Adventures in automation
Automation is especially important for a solo business since it's just you. Here's some automation I set up for my new data subscription product.
Crawl jobs
- My crawl is a basic axios request with occasional assistance from cloudscraper. There are some evasive maneuvers like user agent randomization and jitter. I grab some values from a JSON object that's available on the target webpage.
- I've been running these crawls locally on a VPN. I needed a virtual private server (VPS) that would be able to run them daily without running into 403 errors. I picked Digital Ocean (well my cofounder ChatGPT did), because it met that criterion and it's cheap at around $8/mo.
- I set up cron jobs to run the crawl functions at various odd hours over the course of the day.

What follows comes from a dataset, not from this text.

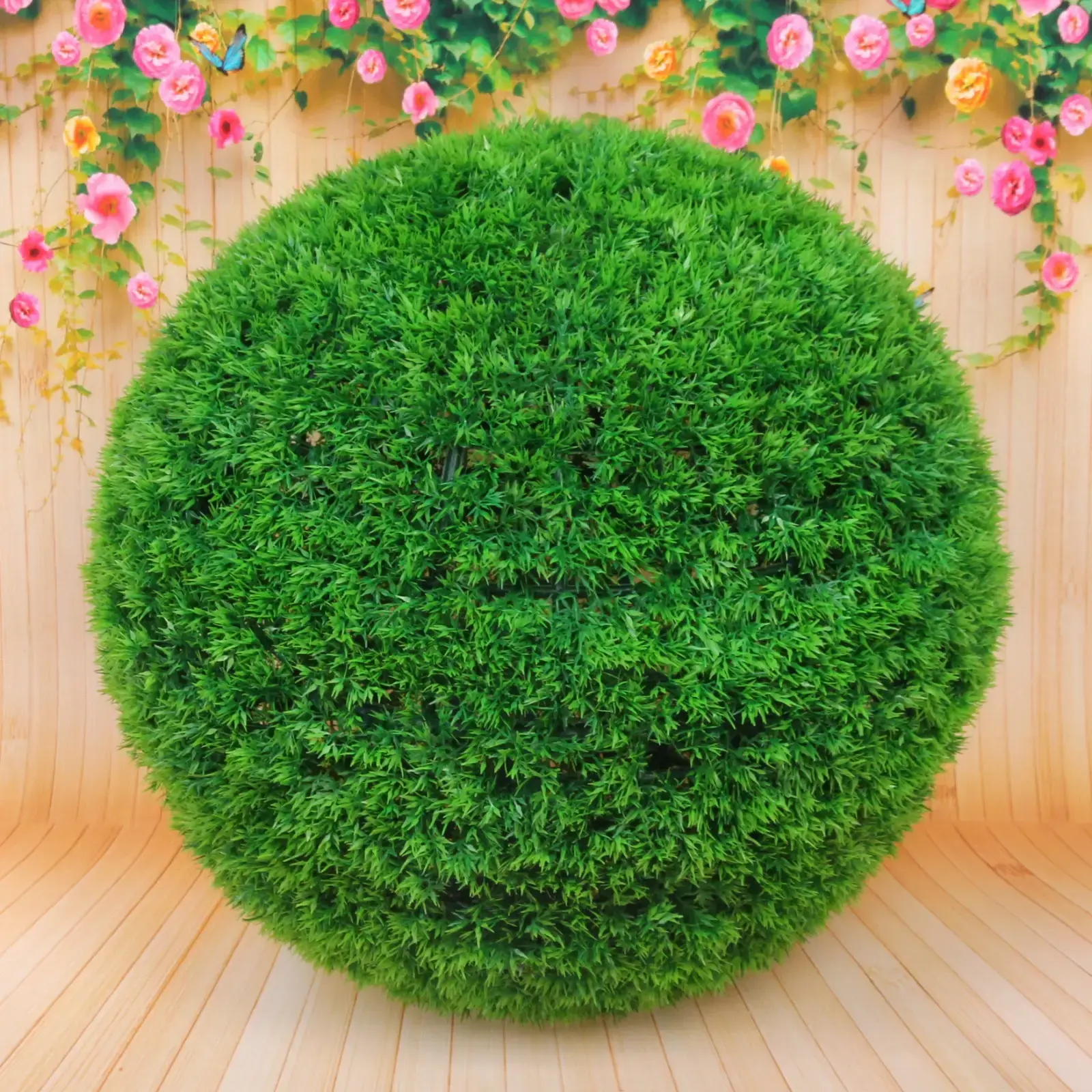 Размер шара составляет 53 см в диаметре, что делает его заметным элементом декора. Изготовлено из качественного ПВХ, оно имитирует натуральную зелень и создает эффект густоты. Искусственное растение легко вписывается в любой стиль интерьера, будь то современный, классический или минималистичный.

- That's it, pretty straightforward.
Autoblog (this is cooler)
- My dataset is updated every day, and there are some meaningful changes within a week period. I want to identify these changes and write them up in a digest for me and my customers. I wanted to see if I could use an LLM (Large Language Model) to do this automatically.
- I set up a "signal generation" function that looks at the data over the past week and returns a list of significant changes along certain dimensions.
- Then I pass this list of significant changes by dimension to an LLM. Specifically, I'm using OpenAI's GPT-4.1 because it has a large context window (1M tokens), affordable price ($8/1M output tokens), and good reputation for writing ability.
- I include a pretty extensive prompt that tells the model the output I'm looking for. It's one table-setting sentence, about a dozen bullet points about how to write, and then a structured list of signals.
- The response comes back in markdown format, and then it's saved to Supabase in a blog_posts table along with a title and published timestamp. There's a new "Blog" page in the application that lists these posts in reverse chronological order.
- I also have the blog post emailed directly to customers once it's generated, via Resend. This is a bit risky, but having generated many test blog posts and the fact that the prompt is highly specific, I don't think there's a huge amount of risk. The worst thing that could happen is that there's an error which gets emailed out, but I actually have a check request to an LLM before the email goes out that signs off on the email that it's suitable to send to customers. Otherwise, I get an email notifying me that there was a rejected send and what the body was.
- Once I verified that this was all working correctly, I set up another cronjob in Digital Ocean that runs this function weekly on Friday mornings.
I suspect that the autoblog idea might have a broader market. I'm going to be testing the waters to see if this could be a product in itself. I registered the domain autoblog.dev.
My pipe dream is that I can automate marketing. Once the product is public, it would be amazing if the product autonomously attracted new leads and optimized their conversion. Something like this:
- I describe the profile of existing customers who have found value in my product and what their use case(s) are.
- This product goes out every day and finds a batch of those people, and sends them sample content based on the autoblog posts. This would be better than some of the existing automated sales development representatives (SDRs) because it would actually be interesting / original content rather than a generic marketing pitch for a product. Maybe this product would sit on top of Clay, though I don't think they have an API yet.
- Then, those people are directed to the landing page where they can directly convert to a paying customer. Or they can reply to the email and get a hold of me, or book a meeting directly with me.
This post was not generated by an LLM, by the way. I wrote it the old fashioned way.